Like Words Together Reflections from the deep end of Practice.

29Mar/200

Childhood Logic

A few years ago I read Arielle Schwartz's workbook on healing Complex PTSD (recommended). I posted several quotes from it onto Tumblr and often they get reblogged. This one was over the weekend and, not surprisingly it’s been connecting with the current trauma memory I’m working on integrating.

"Self-blame is a direct link to childhood logic -- children will develop a fantasy that they are bad kids relying upon good parents to avoid confronting the terrifying reality that they are good kids relying upon bad parents."

I have a belief that I am so fundamentally damaged and toxic that I really should be alone. Prolonged exposure to me is dangerous.

This doesn’t really align with reality, but that’s why my trauma is Complex.

It’s what happened. Through abuse of all kinds, telling me repeatedly literally and metaphorically, that I was terrible, ungrateful, and deserved to be treated horribly.

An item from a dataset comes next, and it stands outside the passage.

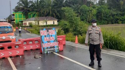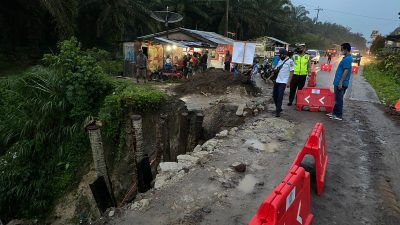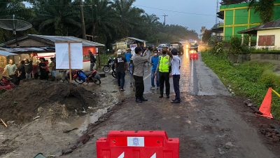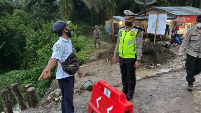 Kabarsimalungun.com. SIMALUNGUN – Kasat Lantas Polres Simalungun Sigap amankan arus lalulintas kendaraan untuk akses Siantar-Saribu Dolok yang amblas diakibatkan meningkatnya curah hujan, Nagori Marjandji Kec Panombeian Panei Kab Simalungun.(23/11).

I had bad parents. The one that was present was so damaged from her horrible Mother she was unable to soothe herself, had terrible boundaries, and lacked empathy. She terrified me so often, so young, that I didn’t dare do more than back talk and even that only mildly, as I grew older.

All of this gets tied right into shame around money. Which is coming up, right on time, as students send me money for online teaching! People giving me money, as opposed to a paycheck or transaction for an appoint, really trips me up. I get hit with shame and unworthiness.

This would be why I’m both glad I still get to go to therapy in-person, so long as I’m not feverish, and sad. I’m glad because I’m struggling and sad because it’s a reminder that my childhood was profoundly fucked up.